> Excerpted data
Segment Open

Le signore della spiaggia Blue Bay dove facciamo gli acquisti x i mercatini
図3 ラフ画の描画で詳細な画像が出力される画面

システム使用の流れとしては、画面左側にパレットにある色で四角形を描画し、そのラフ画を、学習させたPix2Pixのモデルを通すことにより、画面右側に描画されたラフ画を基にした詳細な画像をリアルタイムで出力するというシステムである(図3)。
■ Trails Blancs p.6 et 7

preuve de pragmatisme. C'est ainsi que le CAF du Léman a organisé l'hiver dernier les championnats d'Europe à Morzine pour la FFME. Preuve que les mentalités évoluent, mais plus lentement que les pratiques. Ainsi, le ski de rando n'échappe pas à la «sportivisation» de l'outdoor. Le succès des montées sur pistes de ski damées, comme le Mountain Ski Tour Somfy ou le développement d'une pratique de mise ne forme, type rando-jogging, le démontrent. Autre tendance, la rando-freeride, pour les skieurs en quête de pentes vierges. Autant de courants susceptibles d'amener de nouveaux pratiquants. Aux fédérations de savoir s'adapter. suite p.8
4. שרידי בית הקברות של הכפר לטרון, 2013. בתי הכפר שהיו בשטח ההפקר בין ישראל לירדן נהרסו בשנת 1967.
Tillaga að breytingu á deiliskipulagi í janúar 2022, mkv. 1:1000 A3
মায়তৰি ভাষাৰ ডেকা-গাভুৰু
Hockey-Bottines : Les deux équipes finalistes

Segment Closed
Segment Open

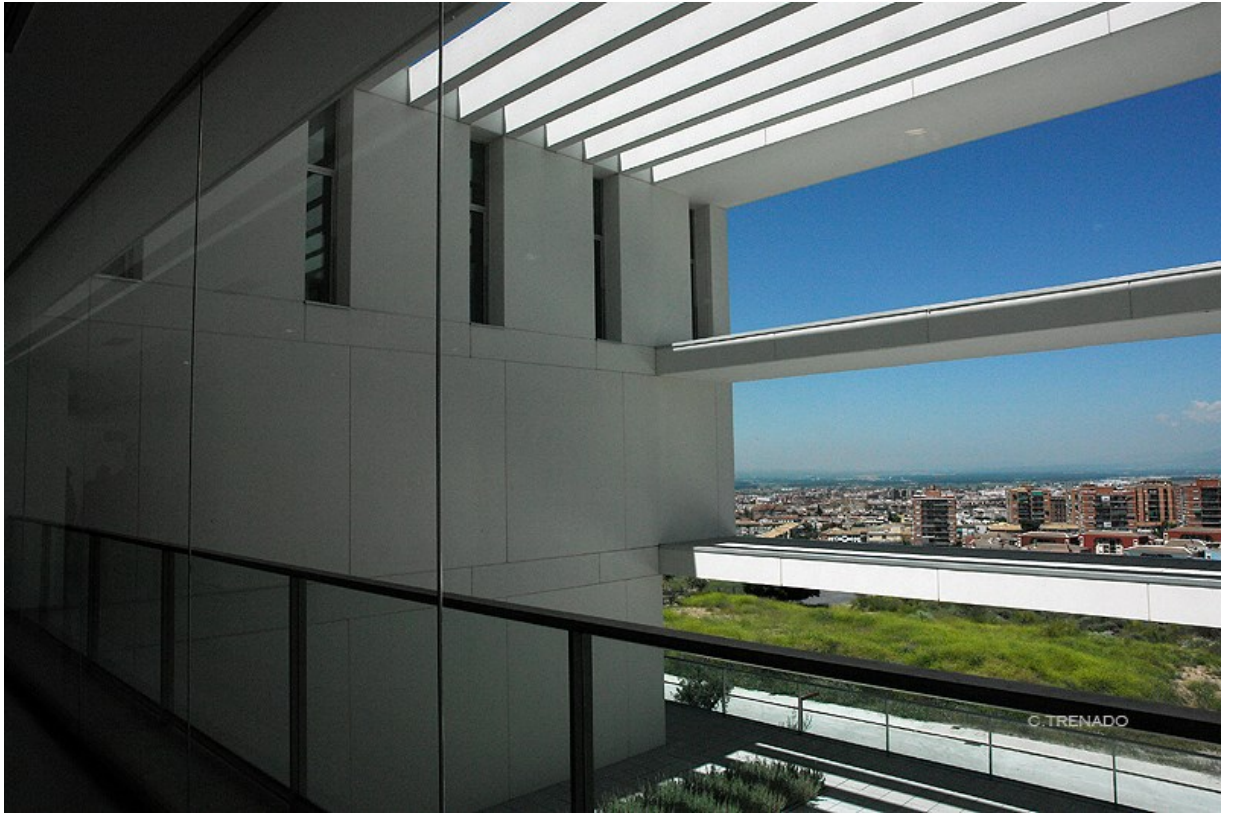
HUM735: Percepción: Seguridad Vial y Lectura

Segment Closed

Output the material above exactly, but only from the line that carries "মায়তৰি ভাষাৰ ডেকা-গাভুৰু" through the line that carries "Hockey-Bottines : Les deux équipes finalistes".

> Your response
মায়তৰি ভাষাৰ ডেকা-গাভুৰু
Hockey-Bottines : Les deux équipes finalistes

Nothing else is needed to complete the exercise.